▶ SUPPLIED ENTRIES:
-- Opening Marker --

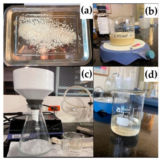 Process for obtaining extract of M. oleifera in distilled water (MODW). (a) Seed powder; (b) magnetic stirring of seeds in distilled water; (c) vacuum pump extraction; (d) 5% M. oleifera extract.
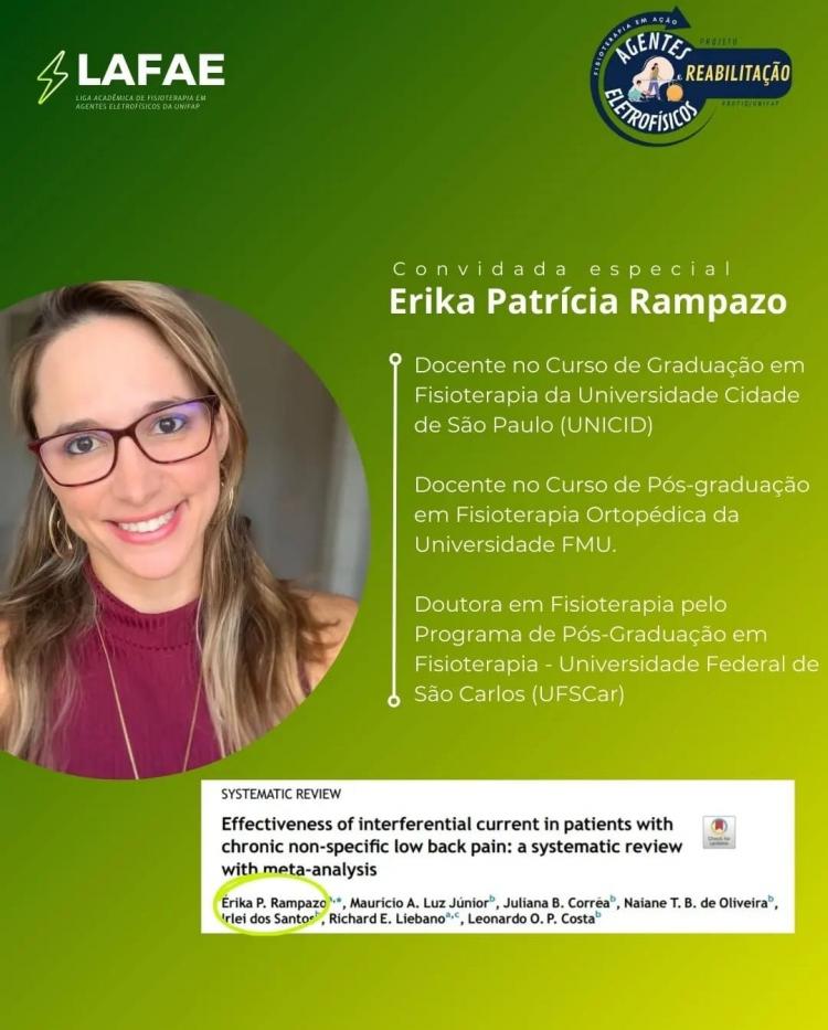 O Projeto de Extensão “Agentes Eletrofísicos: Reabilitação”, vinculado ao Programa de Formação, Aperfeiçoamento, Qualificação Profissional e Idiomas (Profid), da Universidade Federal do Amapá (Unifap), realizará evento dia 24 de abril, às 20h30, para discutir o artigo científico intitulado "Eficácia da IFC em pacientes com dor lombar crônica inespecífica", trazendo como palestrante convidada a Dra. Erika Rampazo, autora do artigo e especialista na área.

-- Closing Marker --
-- Opening Marker --

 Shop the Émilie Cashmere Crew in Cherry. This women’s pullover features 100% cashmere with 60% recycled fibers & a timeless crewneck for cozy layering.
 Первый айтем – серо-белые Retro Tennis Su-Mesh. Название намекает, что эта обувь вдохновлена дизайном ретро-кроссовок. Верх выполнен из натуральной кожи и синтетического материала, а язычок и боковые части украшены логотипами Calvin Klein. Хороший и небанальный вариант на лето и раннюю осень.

-- Closing Marker --

▶ TASK GOAL: Transcribe the records above from the line holding "Shop the Émilie" down to the line holding "Первый айтем –", inclusive, without adding anything.

▶ RESPONSE FOR THIS EXERCISE:
 Shop the Émilie Cashmere Crew in Cherry. This women’s pullover features 100% cashmere with 60% recycled fibers & a timeless crewneck for cozy layering.
 Первый айтем – серо-белые Retro Tennis Su-Mesh. Название намекает, что эта обувь вдохновлена дизайном ретро-кроссовок. Верх выполнен из натуральной кожи и синтетического материала, а язычок и боковые части украшены логотипами Calvin Klein. Хороший и небанальный вариант на лето и раннюю осень.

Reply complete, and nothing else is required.